A few days ago, I saw the following post at 11points that, in a quasi-scientific way, calculated the average weight displayed on scales at Bed, Bath, and Beyond. (134.6 pounds.) The author even surmised what might goes into the decision of what scale companies think about when they’re choosing a weight for display. (Aspirational but not impossible, low enough not to insult people who are light but not low enough to appear to be promoting unhealthy weights.) It’s at least an amusing rumination on obsession over weight.
It’s pretty widely argued that obsessing about weight isn’t the right approach to fitness: weight is at best an imperfect health measurement, and obsessing about it doesn’t really help anyhow.
Which, naturally, is advice that I ignore. I weigh myself every day, and think about the number way more often than that.
But it works for me. Why?
First, even though weight isn’t a perfect measurement, there’s really no way to dispute that I would be healthier and fitter if I weighed less. So while I’m not sure what the “right” weight for me would be, there’s not really any doubt that at this point lower would be better.

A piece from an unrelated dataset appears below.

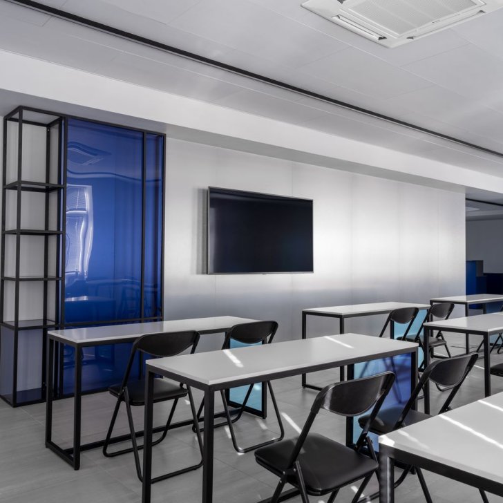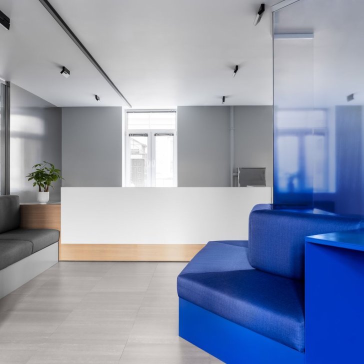 Декорирование стоматологической клиники с шестью этажами выполнено в палитре главным образом серого и белого цветов, приправленных контрастными акцентами ультрамаринового оттенка. Очаровательно яркие синие диваны, подлокотники, экраны для батарей, сиденья и другие интерьерные элементы без промедления обращают на себя внимание, создавая уникальную, но гармоничную атмосферу. Даже чугунная лестница начала ХХ века, случайно обнаруженная в процессе клинических ремонтных работ, была восстановлена и окрашена в традиционный оттенок стоматологического центра.

Second, obsessing about weight as much as I do helps me to not obsess as much as I could. I’ve heard the advice that you should either weigh yourself once a week or not at all. I’ve tried the former, and it was terrible—the few days before a weigh-in I’d be in a total panic about it. By weighing myself daily, I’m able to relax about it, at least a bit.
One thing about a weight reading is that it’s a single data point. Single data points are inherently dubious—my weight can vary several pounds day-to-day, depending on if I’ve had a lot or a little to eat, or had a recent massive poo, or if the scale shifts to a slightly different position, or a whole lot of other factors that don’t have a lot to do with anything actual. Measuring weight every day at least helps to address that: it smooths out unusual factors, and it helps to remind me that some variations are due to those unusual factors.
I use 7-day and 30-day averages to further blunt the impact of weird variations. It’s still not perfect—whether the average goes up or down is really only based on comparing two data points, either 7 or 30 days apart, but the time helps to reduce the likelihood that weirdness will outweigh actual caloric intake and output in the weight.
In short, weighing myself every day helps me to keep weight in proper perspective—as one useful but imperfect measure of health and fitness that needs to be supplemented by other measures. I have no idea whether it’s right for other people or not, but it works for me.